I enjoy using copilot, but it is not made to think for you. It's a better autocomplete, but don't ever let it do more than a line at once.
Yup, AI is a tool, not a complete solution.
As a software engineer, the number of people I encounter in a given week who either refuse to or are incapable of understanding that distinction baffles and concerns me.
That's because it's being advertised as a solution. That's why you have people worried it'll take their jobs when in reality it'll let them do the job better.

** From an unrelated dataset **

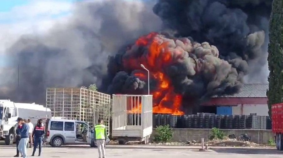 Yangın, saat 11.00 sırasında Serik ilçesi Cumalı Mahallesi Çandır kavşağındaki bir soğuk hava deposunun plastik kasa bölümünde çıktı.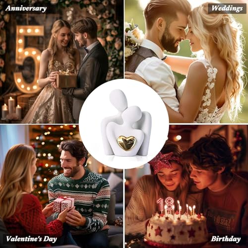 - 【Romantic Home Accent for Couples】Designed as emotional anchors for your living space, these white ornaments embody love and intimacy through their artistic representation of a hugging couple. The romantic sculpture features a shining gold heart at its center, symbolizing a bright and precious bond between partners. These anniversary gifts for couple create a cohesive and stylish atmosphere, serving as meaningful decorative pieces that celebrate relationships and add warmth to any home environment, particularly as cherished living room ornaments.

The problem I have with it is that all the time it saves me I have to use on reading the code. I probably spend more time on that as once in a while the code it produces is broken in a subtle way.
I see some people swearing by it, which is the opposite of my experience. I suspect that if your coding was copying code from stack overflow then it indeed improved your experience as now this process is streamlined.
Same as ChatGPT is better web search.
id rather search the web than chatgpt because i fact check it anyway
I don't know if it does yet, but if ChatGPT starts providing source for every information, then it would make it much faster to find the relevant information and check their sources, rather than clicking websites one by one.
Yep, ChatGPT4 allows optional calls to Bing now.
It used to have a problem with making a claims that were not relevant to or contradicted its own sources, but I don't recall encountering that problem recently.
Biggest problem with it is that it lies with the exact same confidence it tells the truth. Or, put another way, it's confidently incorrect as often as it is confidently correct - and there's no way to tell the difference unless you already know the answer.
it's kinda hilarious to me because one of the FIRST things ai researchers did was get models to identify things and output answers together with the confidence of each potential ID, and now we've somehow regressed back from that point
did we really regress back from that?
i mean giving a confidence for recognizing a certain object in a picture is relatively straightforward.
But LLMs put together words by their likeliness of belonging together under your input (terribly oversimplified).the confidence behind that has no direct relation to how likely the statements made are true. I remember an example where someone made chatgpt say that 2+2 equals 5 because his wife said so. So chatgpt was confident that something is right when the wife says it, simply because it thinks these words to belong together.
ChatGPT what is the Gödel number for the proof of 2+2=5?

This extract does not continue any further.